Concept

White Flight

Definition

White flight is the rapid relocation of white residents out of urban neighborhoods undergoing racial integration — typically into newly built, federally subsidized suburbs — that took place across most major U.S. metropolitan areas between roughly 1945 and 1980. A neighborhood that was 90 percent white in 1955 could be 90 percent Black by 1965, sometimes by 1962. The transition was triggered by even modest Black in-movement (the "tipping point" — typically 5 to 25 percent Black residents, depending on the city) and was accelerated by realtors, lenders, and federal housing policy.

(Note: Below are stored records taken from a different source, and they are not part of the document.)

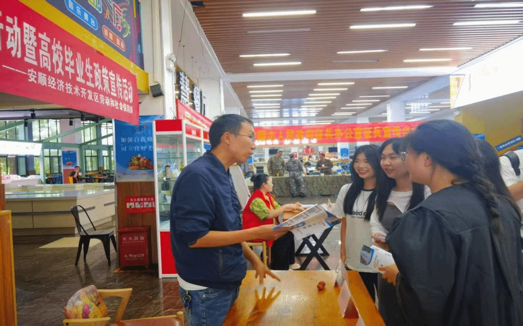 2025年6月19日上午,安顺学院在清风里食堂举办就业政策宣传解读活动。活动由安顺学院招就处、安顺市教育局、安顺经开区劳动和社会保障局联合举办,安顺市东西部协作高校毕业生职业指导服务站承办。我校利用2025届毕业生返校领证“毕业冷餐会”的有利时机,为2025届毕业生开展了最后一次就业教育和就业指导活动。
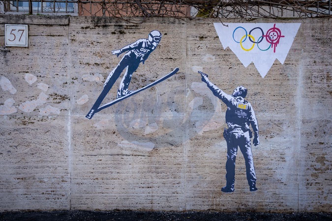 "Ice Out!" is the new mural by street artist LAIKA: a denunciation of the presence of the American anti-immigration agency at the Olympic Games in Milan-Cortina, Rome, Italy, on 06 February 2026.
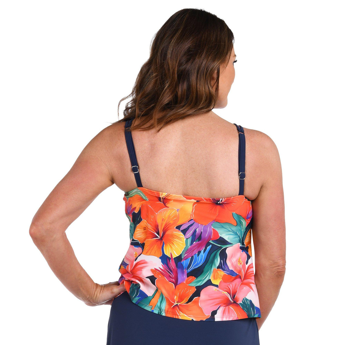 This tankini top bursts with vibrant, oversized hibiscus flowers in bold shades of red, pink, and orange, complemented by lush green leaves against a dark backdrop. A high-neck design showcases your shoulders, drawing the eye upward to create a balancing effect. Removable cups with underwires and adjustable straps provide plenty of support. Fabrication 82% nylon, 18% Lycra Xtra Life elastane
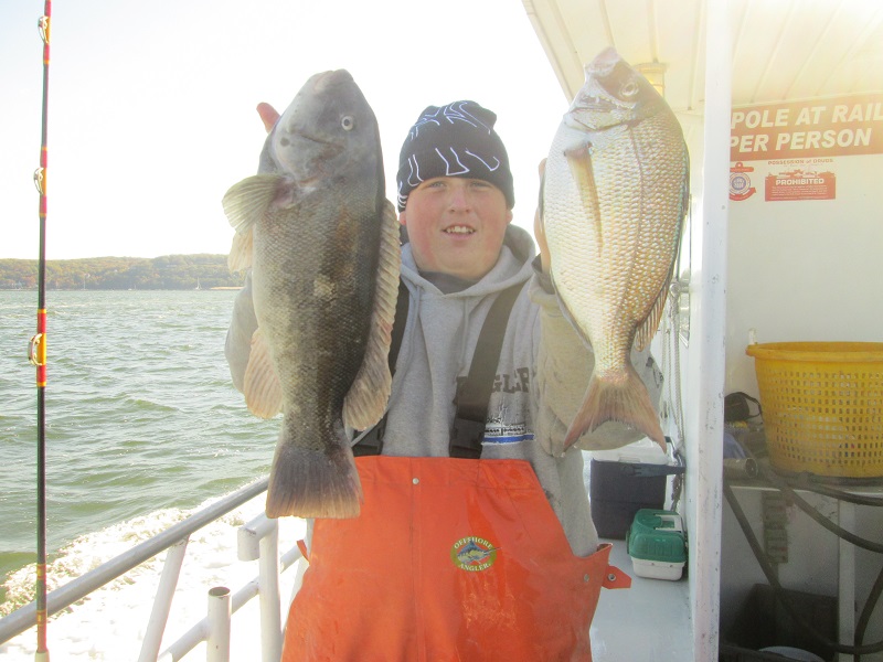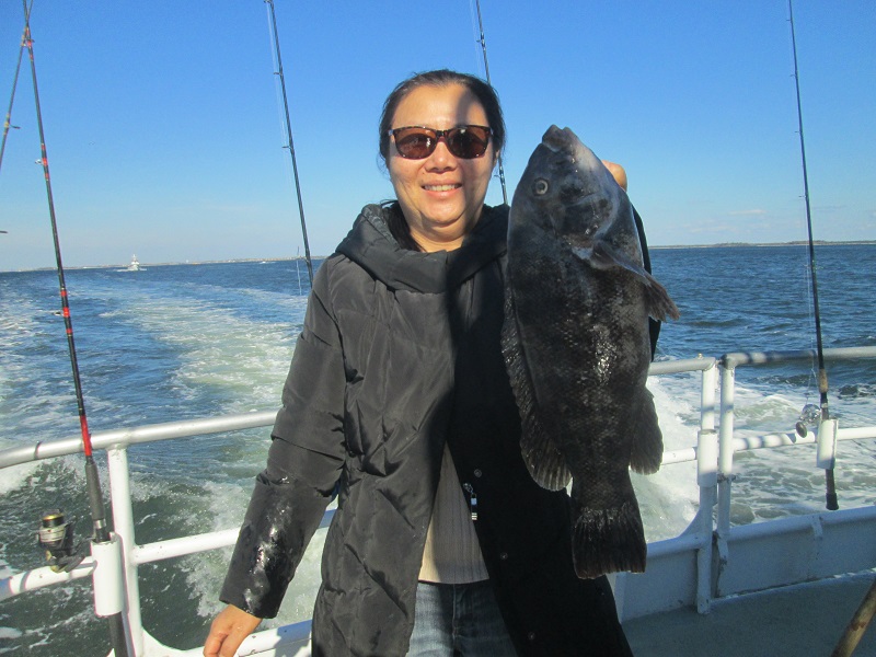 Today started off with some nice tog and ended with some very nice porgies. Yes the wind did blow but we were in close to the beach and it was a nice day. Grace Onaga from NYC took the pool with a nice tog. Check out the porgy LJ is holding, as big as a tog. Wind dieing tonight and west on Sunday should make for a perfect day.

It is the demographic counterpart to ghetto formation. Where ghetto formation describes the concentration of Black residents into restricted districts, white flight describes the simultaneous evacuation of white residents from districts at the expanding edge of those Black areas.

Why it matters

How it works

White flight ran on three engines, each amplifying the others.

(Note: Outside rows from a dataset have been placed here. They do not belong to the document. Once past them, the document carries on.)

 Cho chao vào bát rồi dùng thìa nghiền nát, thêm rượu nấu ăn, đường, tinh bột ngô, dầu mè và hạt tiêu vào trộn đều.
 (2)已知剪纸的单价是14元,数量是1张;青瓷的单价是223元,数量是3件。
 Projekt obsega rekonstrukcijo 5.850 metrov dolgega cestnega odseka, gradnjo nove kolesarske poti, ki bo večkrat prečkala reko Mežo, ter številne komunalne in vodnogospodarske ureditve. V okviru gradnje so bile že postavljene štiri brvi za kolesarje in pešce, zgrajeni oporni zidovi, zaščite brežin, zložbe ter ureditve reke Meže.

Federal subsidy of suburban housing

The FHA and VA mortgage-insurance programs of the late 1940s and 1950s made low-down-payment, long-term, low-interest mortgages available for new construction. The FHA Underwriting Manual restricted insurance to white-only neighborhoods, and federally subsidized new suburban developments (Levittown, the Lakewoods, the Park Forests) were built as white-only by design. A white urban renter could buy a new suburban house in 1955 for a smaller monthly payment than the urban rent. The same option was unavailable to Black families regardless of income.

Realtor and lender practice

Real-estate agents practiced "blockbusting" — soliciting one or two Black families to move into a white block, then canvassing the remaining white residents with warnings that property values would collapse, then buying their houses at panic prices and reselling to Black buyers at marked-up rates. Banks reinforced the cycle by refusing to lend in transitioning neighborhoods. Within a year or two an entire block could change ownership and racial composition.

School integration as accelerant

When school integration plans reached Northern cities in the late 1960s and early 1970s, white flight intensified. The Boston busing crisis (1974) saw tens of thousands of white students leave the city for parochial schools and suburbs within a few years. The pattern repeated in Detroit, Chicago, Los Angeles, and New York. Milliken v. Bradley (1974), by ruling out cross-district busing, effectively guaranteed that flight to the suburbs was a permanent exit from any integration order.

The numerical scale

Chicago lost roughly 600,000 white residents between 1950 and 1980 (from a 1950 white population of about 3.1 million). Detroit lost approximately 1.4 million white residents between 1950 and 1990 (from 1.5 million). Cleveland, St. Louis, Pittsburgh, and Newark saw white-population declines of 50 to 75 percent in the same period. The lost residents did not vanish; they relocated to the metropolitan suburbs, which gained white population at corresponding rates.

The geographic outcome was set within roughly a single generation, 1945 to 1975, and has been remarkably durable. Most U.S. metropolitan areas in 2020 still show the same suburban-white-and-urban-Black ring structure laid down by white flight, even where individual neighborhood compositions have shifted.